On the current gap of single-electron transistors

TL;DR

This paper provides a theoretical analysis of single-electron transistors based on gold clusters, focusing on Coulomb blockade effects, residual charge, and size-dependent current gaps, highlighting the influence of cluster shape and electron spectrum quantization.

Contribution

It introduces a theoretical framework for understanding Coulomb blockade and residual charge in molecular transistors with gold clusters, considering shape effects and size-dependent phenomena.

Findings

Residual charge depends on cluster shape and is non-integer.

Current gap shows non-monotonic size dependence.
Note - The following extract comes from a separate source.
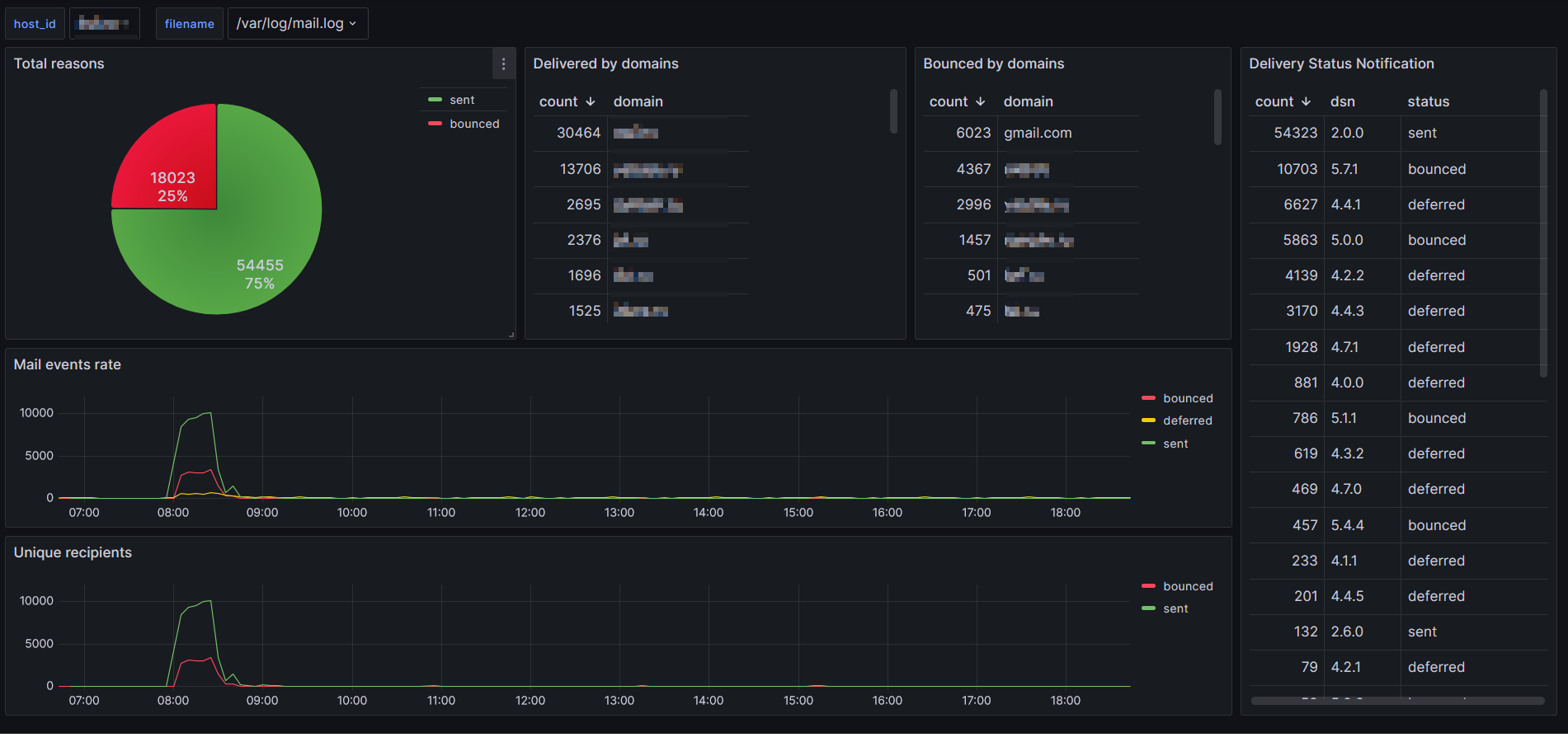 For extra large mail volumes, some values cannot be counted. In this case, consider increase Loki settings (see https://github.com/grafana/loki/issues/3045) .

Coulomb blockade effects influence the current-voltage characteristics.

Abstract

Effects of the single-electron tunneling and the Coulomb blockade in a cluster structure (the molecular transistor) are investigated theoretically. In the framework of the particle-in-a-box model for the spherical and disk-shaped gold clusters, the electron spectrum, the temperature dependence of the chemical potential and the residual charge are calculated. We show that the residual charge is equal to the non-integer value of elementary charge $e$ and depends on the cluster's shape. The equations for the analysis of the current-voltage characteristic are used under conservation condition for the total energy of the structure taking into account the contact potential difference. Restrictions associated with the Coulomb instability of a cluster are introduced into the theory in a the simple way. It is shown that the critical charge of the cluster in the open electron system is close to the residual charge. For single-electron transistors based on small gold clusters the current gap and its voltage asymmetry are computed. We demonstrate that the current gap exhibits non-monotonic size dependences, which are related to the quantization of the electron spectrum and the Coulomb blockade.